Con la ayuda de algunos chicos mayores teníamos un juego de rol para conocer las historias de quienes estaban en el albergue de Cáritas de la localidad y con los que colaborábamos en alguna campaña tratando de conseguir mantas, ropa de abrigo o útiles de aseo… Una forma de familiarizarse y de pensar en las necesidades de quien vive en la calle poniéndose en su mente.

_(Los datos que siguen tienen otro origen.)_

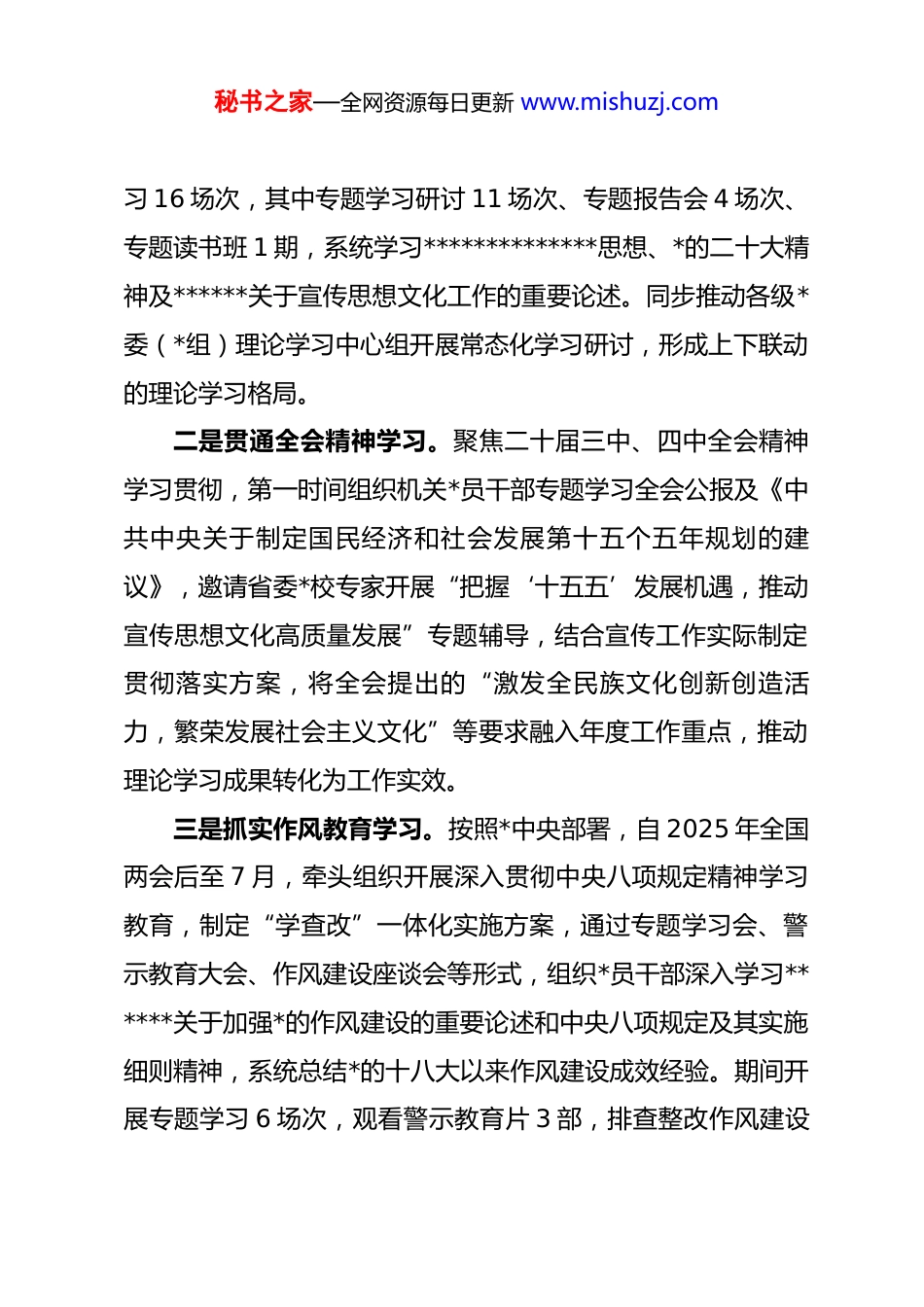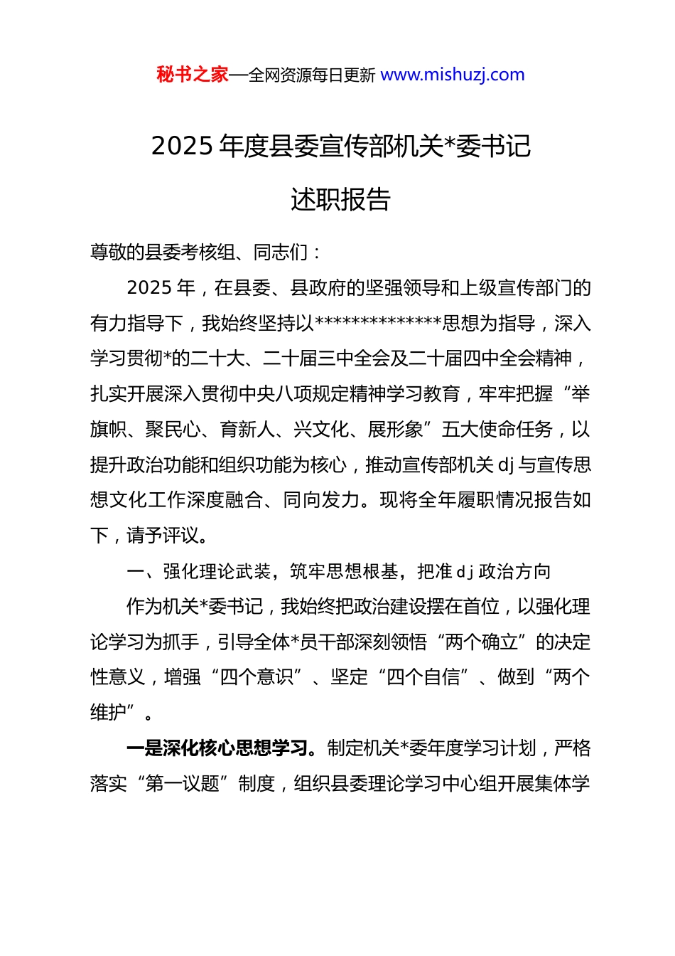 秘书之家—全网资源每日更新 www.mishuzj.com2025 年度县委宣传部机关*委书记述职报告尊敬的县委考核组、同志们:2025 年,在县委、县政府的坚强领导和上级宣传部门的有力指导下,我始终坚持以**************思想为指导,深入学习贯彻*的二十大、二十届三中全会及二十届四中全会精神,扎实开展深入贯彻中央八项规定精神学习教育,牢牢把握“举旗帜、聚民心、育新人、兴文化、展形象”五大使命任务,以提升政治功能和组织功能为核心,推动宣传部机关 dj 与宣传思想文化工作深度融合、同向发力。现将全年履职情况报告如下,请予评议。一、强化理论武装,筑牢思想根基,把准 dj 政治方向作为机关*委书记,我始终把政治建设摆在首位,以强化理论学习为抓手,引导全体*员干部深刻领悟“两个确立”的决定性意义,增强“四个意识”、坚定“四个自信”、做到“两个维护”。一是深化核心思想学习。制定机关*委年度学习计划,严格落实“第一议题”制度,组织县委理论学习中心组开展集体学秘书之家—全网资源每日更新 www.mishuzj.com习 16 场次,其中专题学习研讨 11 场次、专题报告会 4 场次、专题读书班 1 期,系统学习**************思想、*的二十大精神及******关于宣传思想文化工作的重要论述。同步推动各级*委(*组)理论学习中心组开展常态化学习研讨,形成上下联动的理论学习格局。二是贯通全会精神学习。聚焦二十届三中、四中全会精神学习贯彻,第一时间组织机关*员干部专题学习全会公报及《中共中央关于制定国民经济和社会发展第十五个五年规划的建议》,邀请省委*校专家开展“把握‘十五五’发展机遇,推动宣传思想文化高质量发展”专题辅导,结合宣传工作实际制定贯彻落实方案,将全会提出的“激发全民族文化创新创造活力,繁荣发展社会主义文化”等要求融入年度工作重点,推动理论学习成果转化为工作实效。三是抓实作风教育学习。按照*中央部署,自 2025 年全国两会后至 7 月,牵头组织开展深入贯彻中央八项规定精神学习教育,制定“学查改”一体化实施方案,通过专题学习会、警示教育大会、作风建设座谈会等形式,组织*员干部深入学习******关于加强*的作风建设的重要论述和中央八项规定及其实施细则精神,系统总结*的十八大以来作风建设成效经验。期间开展专题学习 6 场次,观看警示教育片 3 部,排查整改作风建设秘书之家—全网资源每日更新 www.mishuzj.com突出问题 4 项,完善相关制度 2 项,切实以学习教育推动作风建设走深走实。四是拓展基层宣讲普及。持续做强“xx 之声”宣讲品牌,组建由理论骨干、业务能手、先进典型组成的宣讲队伍,结合“我们的价值观 我们的中国梦”百姓宣讲比赛,深入机关、企业、学校、社区、乡村开展全会精神、政策解读等宣讲活动 86场次。创新开展“书香 xx 悦读人生”主题阅读活动 700 余场次,推动*的创新理论“飞入寻常百姓家”。二、聚焦主责主业,推动 dj 与业务融合,提升宣传工作质效坚持围绕中心抓 dj、抓好 dj 促业务,将机关 dj 工作与宣传思想文化重点任务紧密结合,以高质量 dj 引领宣传工作高质量发展。一是做强主流舆论,凝聚发展共识。构建“本地融媒+上级媒体+商业平台”宣传矩阵,聚焦县域经济社会发展亮点,精心策划主题宣传。2025 年以来,在省级以上媒体发稿 850多篇,其中围绕胡集书会主题报道,在《人民日报》、新华社、央视等中央级媒体刊发稿件 300 余篇,微博、抖音等平台设置相关话题,全网阅读量达 5 亿+;聚焦本地新型绳网产业发展,刊发融媒报道 200 余篇,全网浏览量上亿次,相关网上秘书之家—全网资源每日更新 www.mishuzj.com主题宣传经验做法被中央网信办《网信动态》刊发。规范新闻发布工作,围绕“提振消费信心”“乐享五一”等主题举办新闻发布会 45 场次,有效搭建政务沟通桥梁。深化媒体融合改革,县融媒体中心“爱 xx”客户端下载量达 27 万+,各平台粉丝总数超 100 万,全年发布短视频、图文稿件 10000 余条,传播指数位居全市各县区首位,智慧广电工程被省广电局列为全省黄河流域试点工程(全市唯一)。二是深化文明创建,培育时...

Como preparación a la noche también veíamos juntos y comentábamos la primera de las ediciones del programa ’21 días’ con Samanta Villar que se llamaba precisamente ’21 días entre cartones’. Una escena llamaba siempre la atención de los alumnos y lo comentaban siempre cuando al día siguiente hablaban de la experiencia de dormir entre cartones a sus compañeros de clase. Es un momento cuando, tras no ver mujeres pasando la noche en la calle, un grupo de chicos que están de fiesta por una de las calles cercanas a las Plaza Mayor de Madrid, por el simple hecho de hacer una gracia le dan unas patadas a los cartones en los que duerme la presentadora. Solo por el hecho de ser una mujer, perciben una debilidad… La vida en la calle es el doble de dura para una mujer sintecho.

Ante hechos así, habría que recordar las palabras del papa Francisco en su homilía del pasado 1 de enero, cuando denunciaba que “toda violencia infligida a la mujer es una profanación de Dios”. O hace un año, cuando el 7 de enero de 2019 en el Discurso de Año Nuevo al cuerpo diplomático, el pontífice recordaba que “ante el flagelo del abuso físico y psicológico causado a las mujeres, es urgente volver a encontrar formas de relaciones justas y equilibradas, basadas en el respeto y el reconocimiento mutuos, en las que cada uno pueda expresar su identidad de manera auténtica”.